The Krizner Group is in some ways similar to an emergency boat-towing service. The client has Krizner on retainer and calls him when it needs him.
“The difference,” Krizner said, “is that I’m going to check your engine” before you head out on the HR sea.
A part of Krizner’s job is getting employers past commonly held misconceptions. Many, he has found, believed that wrongful termination is impossible in a right-to-work state.
“At-will, in essence, died in 1964 with the arrival of Title VII, which is part of the Civil Rights Act,” Krizner said.
“That was the beginning of all the protected classes: race, gender, age, disability.
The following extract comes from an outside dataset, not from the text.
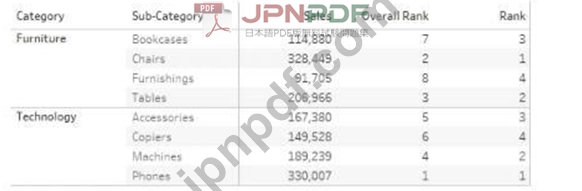 Overall Rank and Rank are calculated fields that use the RANK function.

Even given that, an employer may think that he has nothing to worry about if he terminates a young, white male.”
That’s not necessarily true.
“That employee is a member of two protected classes: He is white and he is a male,” Krizner explained. “If you replace him with a female of color, you may have a problem. If he is a reporter that you are firing because his writing is substandard, you better have evidence of excessive editing.”
Krizner has encountered those entrepreneurs who resist making an investment in an HR director or consultant because they see it as getting in the way of what they want to accomplish.
“I understand that,” Krizner said. “I am an entrepreneur, myself. But especially in a litigious town like Tallahassee, I can usually satisfy business owners without too much difficulty that I am here to protect their assets.
“I give them options, and they don’t have to pick the most conservative one. They are the decision-makers.”